**TASK PROMPT:** Quote the listing below in its entirety, omitting every image.
[COLLECTED DATA Boundary: Start]
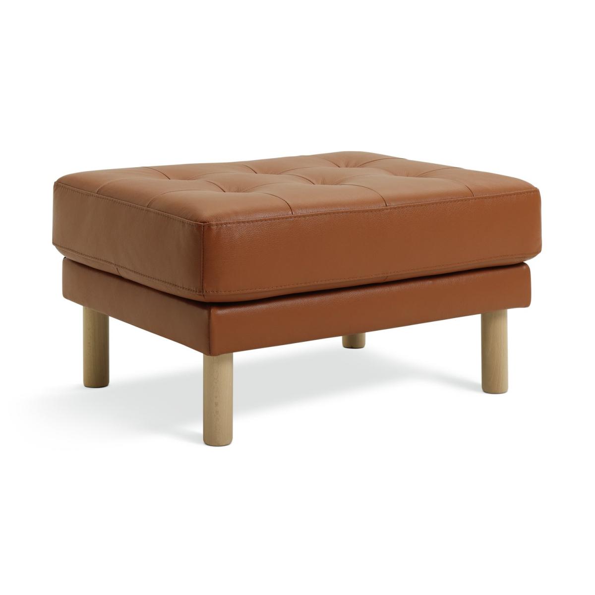 Feet up and relax with our Newell buttoned footstool. Upholstered in rich tan leather it brings mid-century modern design home. A comfortable spare seat when you have extra guests thanks to the luxe foam and dacron filling. And perfect for a game board or tray when the occasion calls. Want more of Newell? Explore our matching 2- and 3-seater sofas. Part of the Newell collection. Material: Top grain leather. Made from 100% leather. Wooden feet. Fixed cushion(s) with foam and dacron wrap filling. Dimensions: Size H45, W74, D60cm. Weight 9kg. Professional clean only. Minimal assembly - just add feet. Maximum individual user weight 120kg. Packaged dimensions: Package size H46, W76, D62cm. General information: We are excited to be welcoming some of our favourite HOME products into the Habitat range. Your product may arrive in Habitat or HOME packaging. Manufacturer's 10 year frame guarantee.
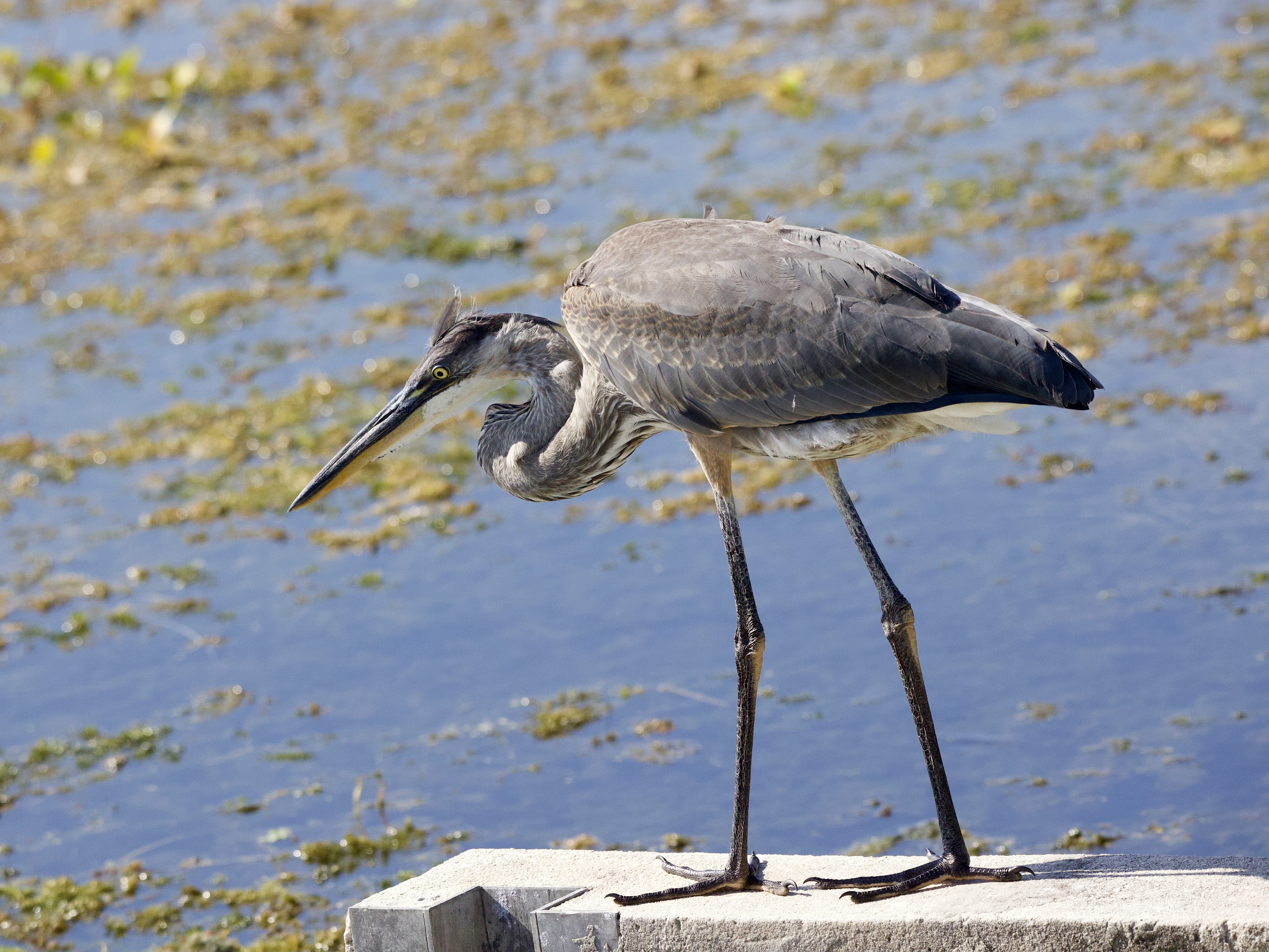 We recently encountered this handsome Great Blue Heron fishing off a concrete wall at the Orlando Wetlands.
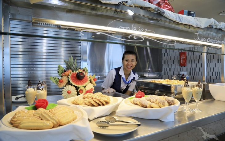 Ab einer Reisedauer von 7 Tagen erhalten Sie zusätzlich folgenden Service: 1x Sekt-Kabinen-Frühstück pro Person/ Reise, Kapitänsempfang, Einladung zum Kapitänstisch (Kat. W), 1x 25 Minuten Massage oder Beauty-Behandlung pro Person/Reise, kostenloser Wäscheservice. Falls bei Flügen Business-/First-Class möglich ist, erhalten Sie das Angebot bevorzugt.
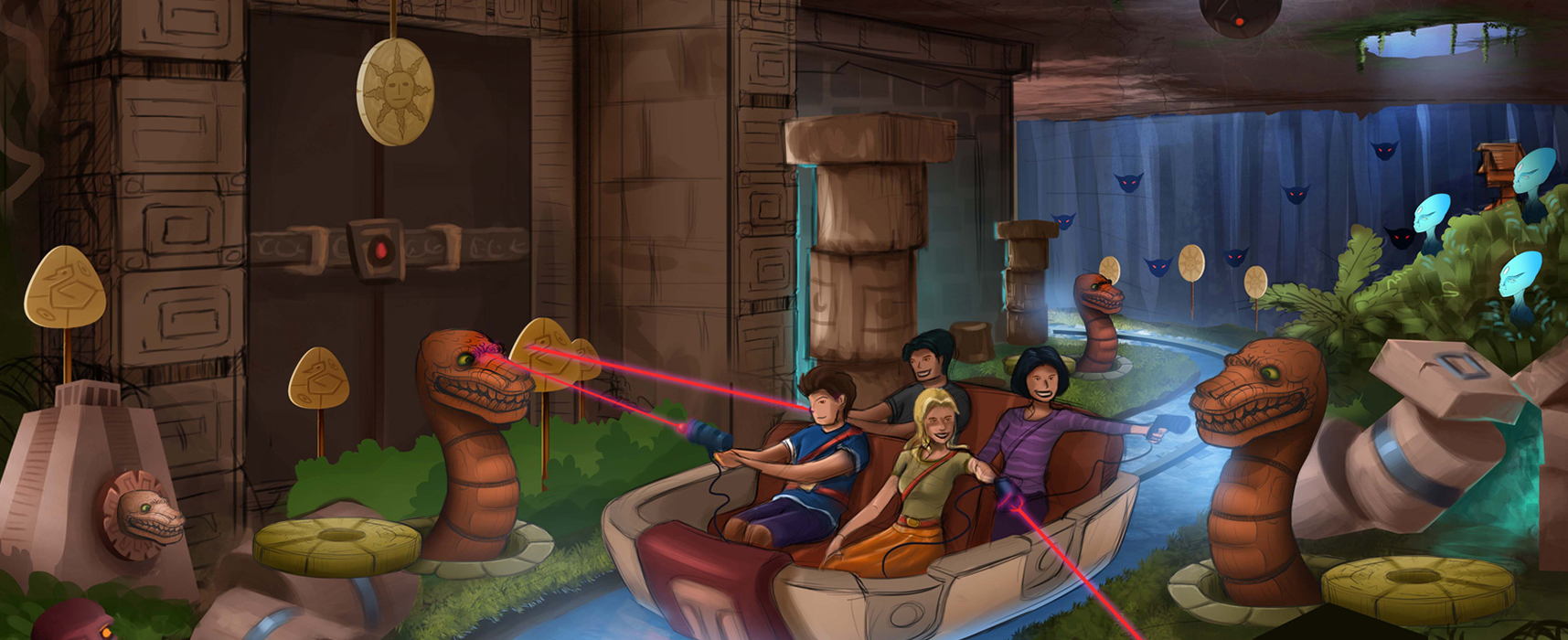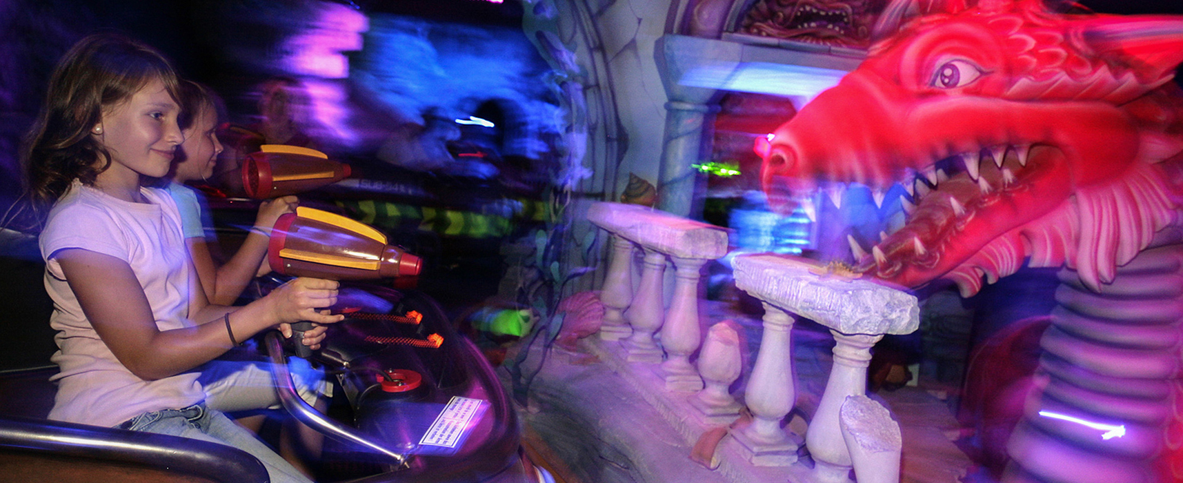 以射击标靶为主,游客坐在装有激光感应枪的轨道车上,对场景内的标志进行瞄准射击,在精心打造的情景环境中,游客通过射击不同分值的标靶累计积分获得称号成就,游戏最后出现积分榜,与其他玩家进行比拼。
[COLLECTED DATA Boundary: End]
**THE COMPLETED TASK:**
 Feet up and relax with our Newell buttoned footstool. Upholstered in rich tan leather it brings mid-century modern design home. A comfortable spare seat when you have extra guests thanks to the luxe foam and dacron filling. And perfect for a game board or tray when the occasion calls. Want more of Newell? Explore our matching 2- and 3-seater sofas. Part of the Newell collection. Material: Top grain leather. Made from 100% leather. Wooden feet. Fixed cushion(s) with foam and dacron wrap filling. Dimensions: Size H45, W74, D60cm. Weight 9kg. Professional clean only. Minimal assembly - just add feet. Maximum individual user weight 120kg. Packaged dimensions: Package size H46, W76, D62cm. General information: We are excited to be welcoming some of our favourite HOME products into the Habitat range. Your product may arrive in Habitat or HOME packaging. Manufacturer's 10 year frame guarantee.
 We recently encountered this handsome Great Blue Heron fishing off a concrete wall at the Orlando Wetlands.
 Ab einer Reisedauer von 7 Tagen erhalten Sie zusätzlich folgenden Service: 1x Sekt-Kabinen-Frühstück pro Person/ Reise, Kapitänsempfang, Einladung zum Kapitänstisch (Kat. W), 1x 25 Minuten Massage oder Beauty-Behandlung pro Person/Reise, kostenloser Wäscheservice. Falls bei Flügen Business-/First-Class möglich ist, erhalten Sie das Angebot bevorzugt.
 以射击标靶为主,游客坐在装有激光感应枪的轨道车上,对场景内的标志进行瞄准射击,在精心打造的情景环境中,游客通过射击不同分值的标靶累计积分获得称号成就,游戏最后出现积分榜,与其他玩家进行比拼。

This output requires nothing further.